Her words left me cold. “What does that mean?”
“You already know,” she said.
“No, I don’t,” I snapped. “I’ve never met any of you before. I don’t know what this is, or why it’s happening.”
“Yes, you do,” she said. “You just haven’t thought about it properly. You need to dig deeper. This is what happens when we bury our thoughts, our memories.”
Her voice was soft but relentless, each word pressing down on me like a weight.
“Why don’t I remember?” I asked, the frustration bubbling to the surface.
“You hid it all,” she said, her tone matter-of-fact. “It’s safer that way. But it’s all still there. You just have to think. Really think.”
I stared at her, my hands curling into fists at my sides. “What am I supposed to be thinking about?”
“Everything,” she said simply. “The places.

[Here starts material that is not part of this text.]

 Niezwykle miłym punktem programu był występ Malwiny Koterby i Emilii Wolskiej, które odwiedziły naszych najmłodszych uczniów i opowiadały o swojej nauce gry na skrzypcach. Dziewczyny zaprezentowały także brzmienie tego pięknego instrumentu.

The people. The things you’ve forgotten.”
Her words settled over me, heavy and suffocating. I turned away from her, my gaze sweeping the platform as though the answers might be hidden somewhere in the shadows.
“Why would I bury something like this?” I asked.

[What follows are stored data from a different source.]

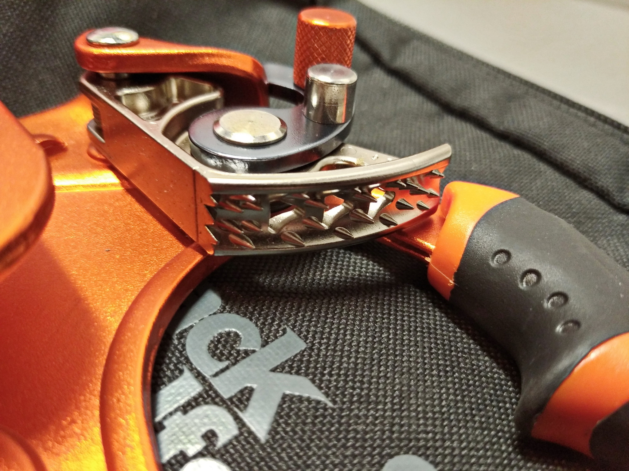 - Стальной кулачок изготовлен из сплава стали для повышения срока службы. Оснащен набором зубцов, которые защищают веревку от износа, но эффективны при подъеме по веревке. Он также имеет три прорези для самоочистки для эффективной работы с сложных погодных условиях (грязная веревка, замерзшая и т. д.);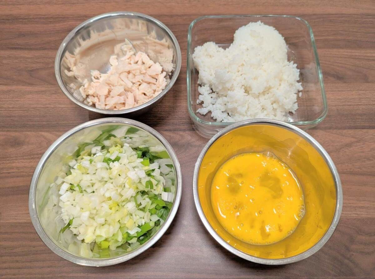 サラダチキンは食べやすい大きさにほぐし、必要であれば刻んでおきましょう。
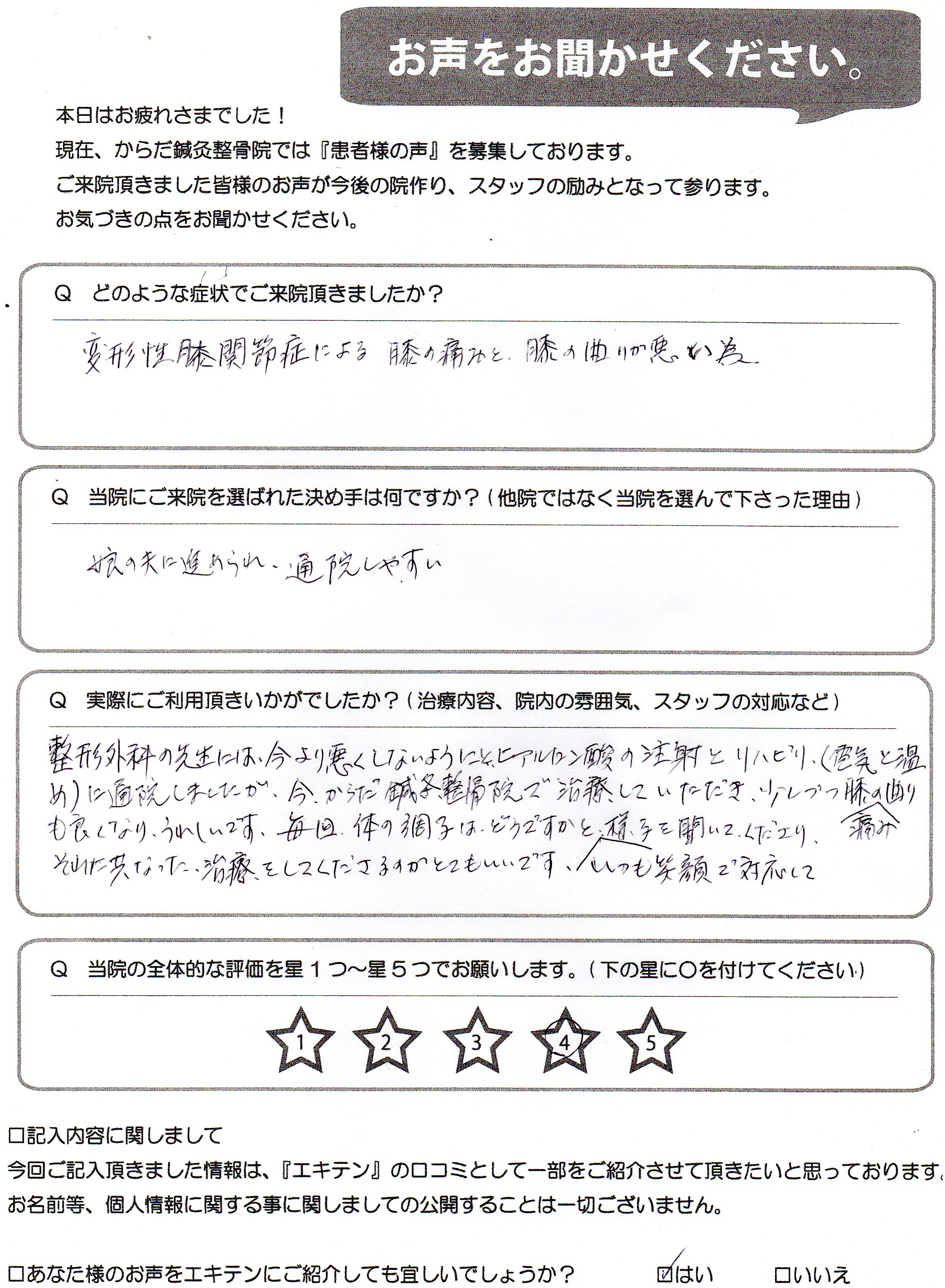 整形外科の先生には、今より悪くしないようにヒアルロン酸の注射とリハビリ(電気と温め)に通院しましたが、今からだ鍼灸整骨院で治療して頂き、膝の痛み、曲がりも良くなり、うれしいです。毎回、「体の調子はどうですか」といつも笑顔で対応して様子を聞いてくださり、それに伴なった治療をしてくださるのがとてもいいです。

“To keep yourself safe,” she replied.
Her voice pulled me back to her, and I turned, meeting her gaze again. “Safe from what?”
“From yourself,” she said.
The silence that followed felt deeper, heavier, as though the station itself were pressing in on me.
“You should buy the pub,” she said suddenly.
“What?”
“And the house,” she added.
“What house?”
Her faint smile returned. “You’ll know which one. Think!”
I stared at her, my frustration giving way to something colder. “Why?”
“They’re well within your means,” she said simply.
Her certainty sent a chill down my spine.
“And you should go to the river,” she added, her voice soft now.
“Which river? Where?”
“The Tyburn, Mayfair.”
“Why?”
“You’ll see when you get there,” she said, her gaze steady.
Before I could say anything more, she patted the bench beside her. “Stay the night with me.”
“What?”
“Just for tonight,” she said softly.
I hesitated, but her calmness was unrelenting, pulling me in. She was magnetic. I sat down beside her, the bench cold and hard beneath me. She leaned closer me, her head resting lightly against my shoulder, her hair brushing my cheek and her arms around me. She sighed deeply, comfortably. “At last!” – a soft whisper.
The platform was quiet around us, the hum fading into something softer, almost soothing. My thoughts felt heavy, too tangled to untangle.
At some point, sleep pulled me under.
I woke to cold.
The bench beneath me felt harder than it had the night before, and an old brown hessian sack was draped over me like a blanket.
She was gone.
The platform was silent, unchanged, but my mind wasn’t. Fragments of her voice lingered, words I didn’t remember hearing but couldn’t shake. The pub. The house. The river. Think deeply. Dig. Everything is already there.
Had she spoken to me as I slept?
I stood, holding the sack around my shoulders against the cold, and climbed the stairs back to the second basement. Her voice echoed in my mind with every step.
Think. Dig. Remember.
By the time I reached the surface, the memory of her was already slipping away, but the weight of her words remained.
The pub. The house. The river.
I didn’t know what they meant. But I knew I couldn’t ignore them.
How do I buy the house and the pub? Think!